El verdadero valor de 1 litro de agua
¿Alguien sabe cuánto cuesta un litro de agua?
Esta es la pregunta que hacemos a las personas e instituciones que desde el 2018 nos han escuchado hablar sobre EPHI, un proyecto que busca solucionar los problemas en el tratamiento de aguas servidas para siempre.
La pregunta tiene varias respuestas técnicas correctas, que dependen particularmente de la ubicación geográfica y de donde sacamos el agua. Podemos producirla de la humedad del aire, sacarla del océano y desalinizarla, de un río, de un pozo o podemos traerla desde otro lugar en camiones aljibe.
En Mantos de Hornillos se vive con 300 litros de agua cada 15 días, equivalente a una ducha en Santiago.
Pero hay una respuesta que pocos tienen a la vista, incluyendo a nosotros como equipo hasta hace algunos meses atrás. Para personas como las que viven en Mantos de Hornillos, en la comuna de Ovalle, 4ta. Región, donde la Municipalidad les va a dejar en camión entre 200 a 350 litros por familia (el equivalente a una ducha para alguien que vive en Santiago) cada 15 días, EL AGUA NO TIENE PRECIO.
Según un estudio elaborado por 31 organismos de la ONU bajo la dirección de UNESCO, el mundo tendrá un déficit de agua dulce del 40% el año 2030. Este panorama de por sí es desalentador, pero si comprendemos que este porcentaje no se reparte de manera homogénea, entonces entenderemos la realidad del reto al que nos enfrentamos. En Chile hay zonas como Combarbalá y Monte Patria donde el año 2012 ya vivieron un déficit de agua el 77% en relación a un año normal y se estima que hacia adelante los números no mejorarán.

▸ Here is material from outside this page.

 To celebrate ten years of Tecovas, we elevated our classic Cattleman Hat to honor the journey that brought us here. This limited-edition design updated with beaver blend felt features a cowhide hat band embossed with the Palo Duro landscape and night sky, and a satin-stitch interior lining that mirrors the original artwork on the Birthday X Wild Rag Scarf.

Pese a lo anterior, la FAO informa que la humanidad produce en este momento suficientes alimentos para 10 mil millones de personas, 2 mil millones más que nuestra actual población mundial y los expertos creen que esta capacidad puede aumentar pese al cambio climático.
¿Cómo es esto posible?
Gracias a personas y grupos que han logrado tecnificar e innovar en las técnicas de riego y a la reutilización del agua y que nos que están abriendo paso a otros emprendedores e innovadores, para poder seguir avanzando en este camino de llevar a la humanidad a mayores grados de prosperidad.

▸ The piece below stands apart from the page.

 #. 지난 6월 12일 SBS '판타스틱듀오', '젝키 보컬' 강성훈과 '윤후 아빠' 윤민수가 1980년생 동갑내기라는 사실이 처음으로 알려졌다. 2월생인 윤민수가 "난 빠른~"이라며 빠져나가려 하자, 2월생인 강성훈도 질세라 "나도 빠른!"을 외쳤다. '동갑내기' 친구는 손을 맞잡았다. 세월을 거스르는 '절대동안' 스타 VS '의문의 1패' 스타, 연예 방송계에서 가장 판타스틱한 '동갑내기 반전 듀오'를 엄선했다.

Hablemos de ejemplos concretos, que abundan en países como Israel, que ha utilizado estas herramientas para disminuir el costo final de la operación de agua bajando el consumo y usando eficientemente este recurso, desalinizando agua del mar mediterráneo y por sobre todo, tratando y reutilizando cada gota de agua una y otra vez.
¿Será que el futuro de Chile y de gran parte de la humanidad, depende hoy de los inconformistas, trabajadores incansables y curiosos emprendedores, que estamos diseñando o prototipando soluciones en el patio, en el galpón o en la “cochera” de nuestras casas?
Nosotros creemos que sí, y también sabemos que si alguien de tu equipo no ha quemado un artefacto de su casa intentando algo nuevo, entonces no estás innovando realmente.
El futuro y parte del presente depende de aquellos que no hemos abandonado el sueño de dejar este planeta un poco mejor de cómo lo recibimos, de aquellos que cuando enfrentamos un problema como el del agua, no pensamos en una solución lineal como simplemente desalinizarla. Sino en crear modelos de negocio alrededor de esa recurso para que solucionar este problema no sea un gasto necesario, sino una inversión.
El camino a solucionar el problema hídrico global y nacional no está en bajar a cero nuestra huella de carbono y de agua, tratando de vivir libres de culpa de lo que está pasando a nuestro planeta. De esta forma nos contamos una narrativa en la que no somos parte del problema, sino de la solución, sin embargo en EPHI sabemos que para ser parte de una solución global real respecto del déficit de agua, se requieren dos aspectos fundamentales: SUSTENTABILIDAD ECOLÓGICA y SOSTENIBILIDAD ECONÓMICA.
Te invitamos a ser parte del cambio. La innovación no puede esperar.